Advanced Feature Metrics

monitor_bootstrap_execute_requests_count - Relates to monitor (assertion) bootstrap tasks. Zero values are normal unless using advanced observability features
monitor_training_executor_requests_count - Tracks monitor training tasks for smart assertions. Zero values are normal unless using monitor training features

Accessing Metric Descriptions

To get detailed descriptions for all metrics, exec into your Remote Executor pod and access the /metrics endpoint:

kubectl exec -it <remote-executor-pod> -- curl localhost:8080/metrics

Look for the # HELP comments above each metric for official descriptions.

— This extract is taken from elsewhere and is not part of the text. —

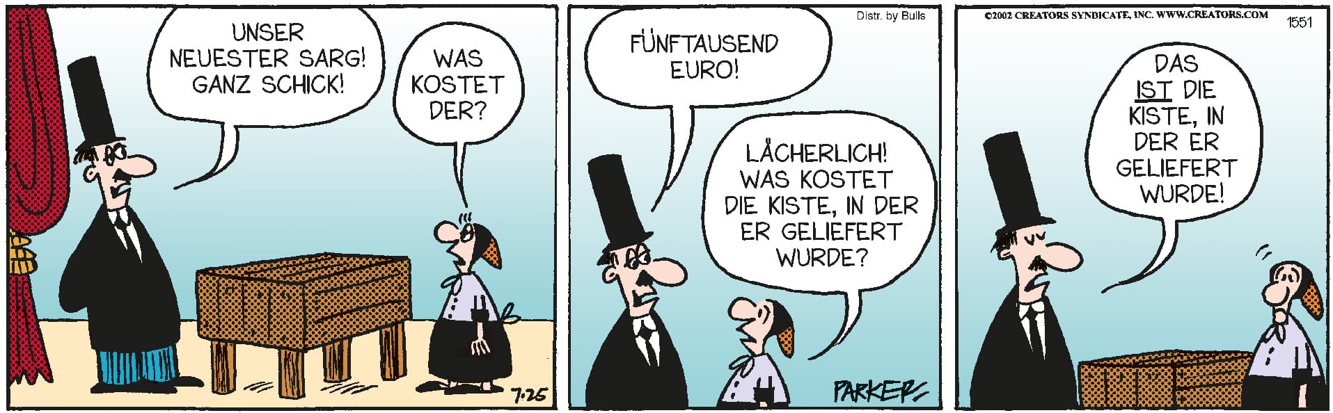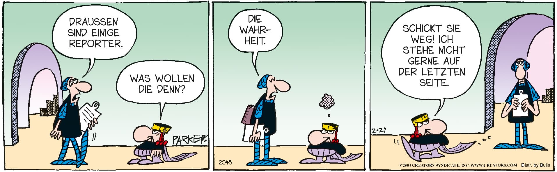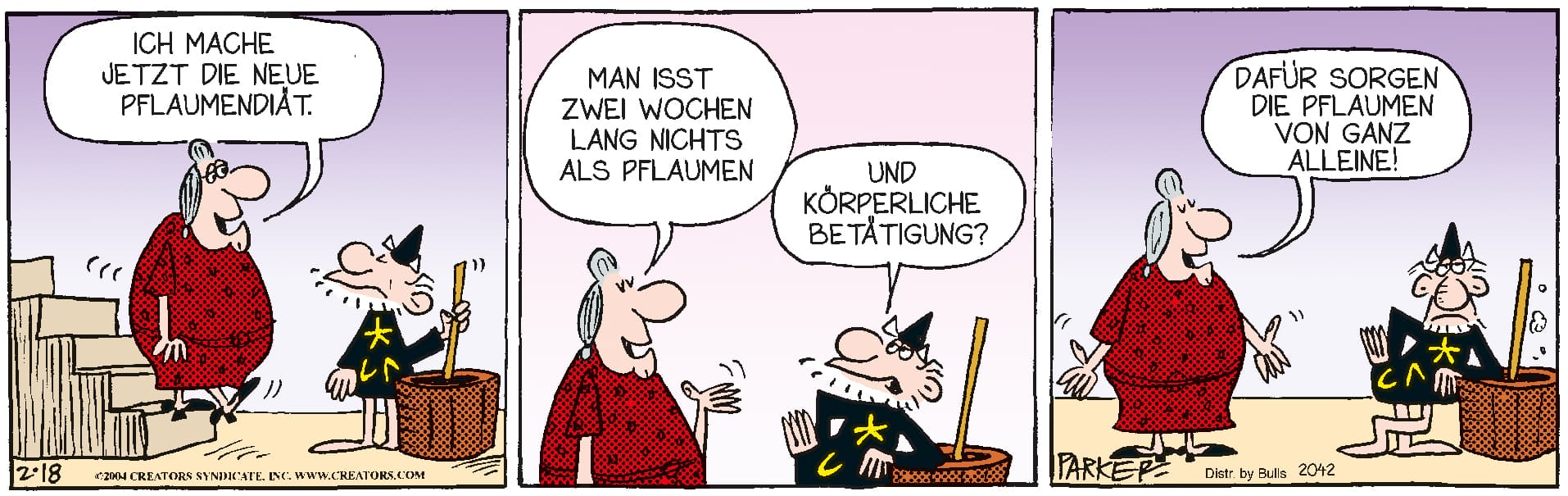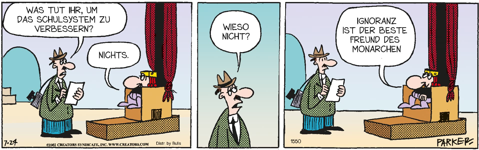 Die Entwicklung von der Steinzeit bis ins Mittelalter wurde auf sechs Jahre verkürzt, die Erstveröffentlichung von Magnus der Magier (Original: „The Wizard of Id“) fand im Jahr 1964 statt. Allzu genau darf man die mittelalterliche Kulisse aber nicht nehmen; wenn der Gag es verlangt, kann der unterdrückte Bauer schon mal genervt vor dem Geldautomaten stehen oder sich über das langweilige Fernsehprogramm beschweren.

Application Health Monitoring

For detecting "executor alive but application-level processing stuck" scenarios:

Monitor discovery_ping_requests_count - This metric should increment regularly (typically 2,000-3,000 times per day)
A stall in this counter is a reliable indicator that the application is frozen, distinct from pod-level health checks
Set up alerting when this metric hasn't incremented within your expected interval

Additional Notes

Metric values depend heavily on which DataHub features are enabled and how your environment is configured. Zero values for many metrics are normal if corresponding features aren't in use. These metrics are designed for internal observability and troubleshooting. When building monitoring dashboards, focus on the documented core metrics first, then add these supplementary metrics based on your specific use cases.